A podcast of the talk by WU MI-CHA (Professor of Taiwanese Literature, National Cheng Kung University, Tainan, Taiwan)is now available.

Friday, January 29, 2010
4:30 PM - 6:00 PM
Sierra Room
Faculty Center
Los Angeles, CA 90095

The Literature on Taiwan Series (Taiwan wenxian congkan), compiled and published by the Office of Economic Research of the Bank of Taiwan, contains the largest number of historical sources on Taiwan written in Chinese. There are four types: (1) government archives and official records, mostly from the Qing period; (2) a variety of writings about Taiwan by officials and sojourners from the mainland; (3) a number of local gazetteers (fangzhi) compiled officially or semi-officially by Qing officials and their assistants, who included Taiwanese gentry and scholars; and (4) a greater number of local gazetteers and writings in various genres by Taiwanese in the period of Japanese rule. Though the fourth type extended the third, it was more significant in the development of Taiwanese historiography, because it reflected and registered the emergence of a native, or Taiwanese, consciousness. This Taiwanese consciousness was nurtured by the unique experience the islanders underwent after the Qing ceded their land to Japan.

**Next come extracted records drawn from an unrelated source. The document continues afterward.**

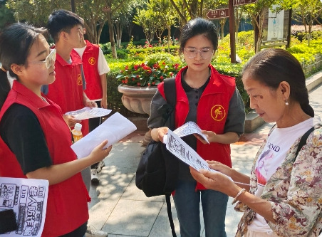 图为团队人员正在人民公园内给路过的行人发防电诈宣传单,尽量提高他们在使用智能手机时的防诈意识。通讯员 刘慧妹 供图。
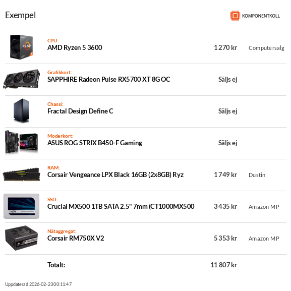 AMD Ryzen 7 3700X | EVGA GeForce RTX 3080 10GB FTW3 ULTRA | ASUS ROG Strix B450-F Gaming | Corsair RM750X V2 | Crucial Ballistix Sport LT 3200MHz 16GB | Samsung 980 Pro 1TB | Crucial MX500 2TB | NZXT H500
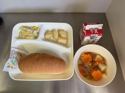 今日の給食は、コッペパン、アプリコットジャム、牛乳、いかてんぷら、フレッシュトマトのスープ煮、キャベツとコーンのサラダです。
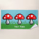 Pixel art fly agaric mushrooms in a field of green grass with a clear blue sky. Personalise by changing "Your Name" for your own name or custom words.
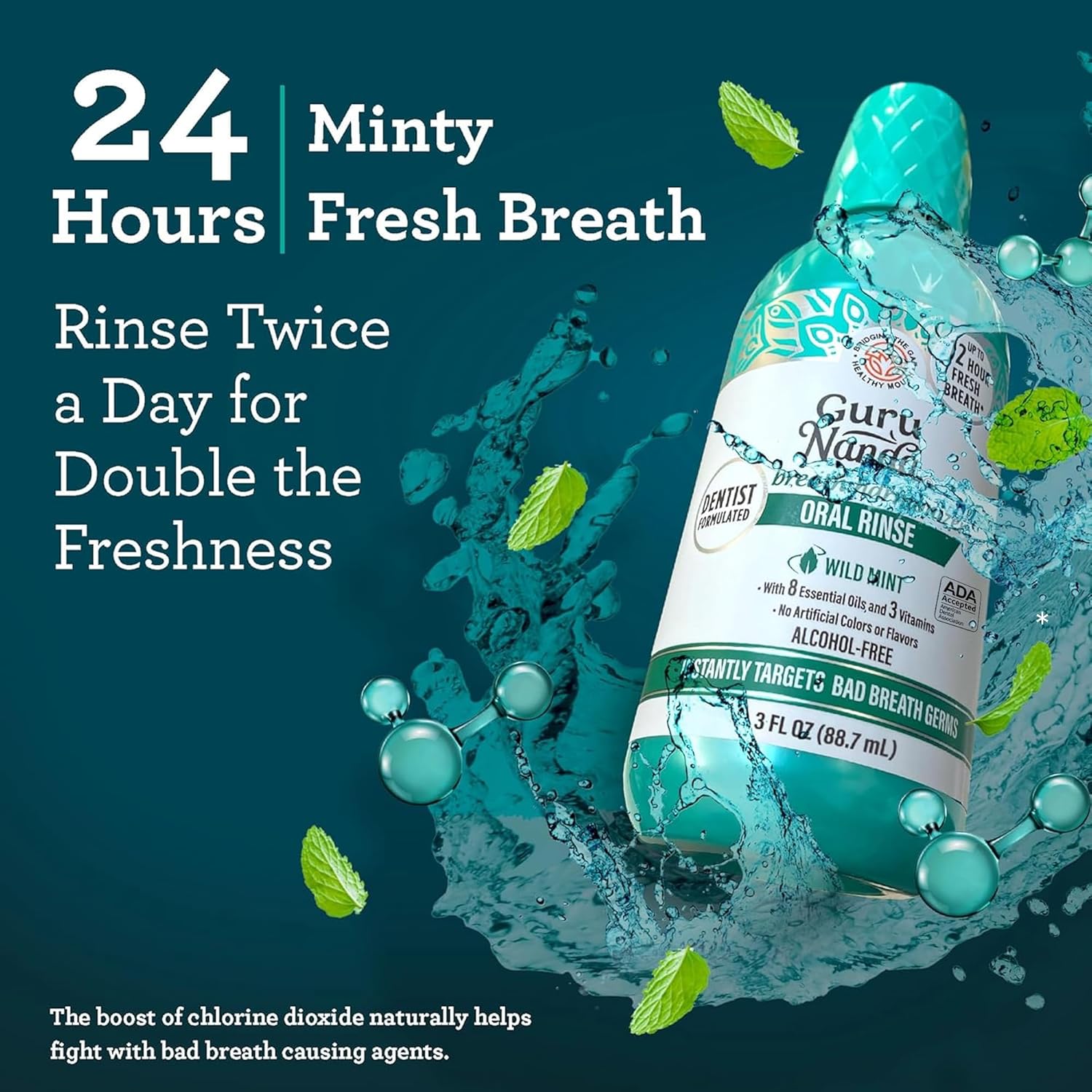 GuruNanda Fresh Breath Mouthwash, ADA-Accepted, Alcohol & Fluoride-Free, Sodium Chlorite, Essential Oils & Vitamins, 12-Hrs Fresh Breath, Wild Mint, 3 oz

Wu Mi-cha (PhD, University of Tokyo) is a Professor of Taiwanese Literature and the Chair of the Department of Taiwanese Literature at National Cheng Kung University (Tainan, Taiwan). Professor Wu formerly taught at National Taiwan University and was the Director of the National Museum of Taiwan History. Among his many publications (in Chinese, Japanese, and English) are Studies in Modern History of Taiwan (in Chinese; Taipei, 1990), A Concise Compendium of History Materials on Taiwan (co-author; in Chinese, Taipei, 2004); “The Nature of Minzoku Taiwan and the Context in Which It Was Published,” in Taiwan Under Japanese Colonial Rule (in English, Ping-hui Liao and David Wang, eds., Columbia Univ. Press, 2006); “Ino Kanori, Japanese Ethnography and the Idea of the ‘Tribe,’” in In Search of the Hunters and Their Tribes: Studies in the History and Culture of the Taiwan Indigenous People (in English; David Faure, ed., Taipei, 2001).


Professor Wu will speak in Chinese. Translation will be provided.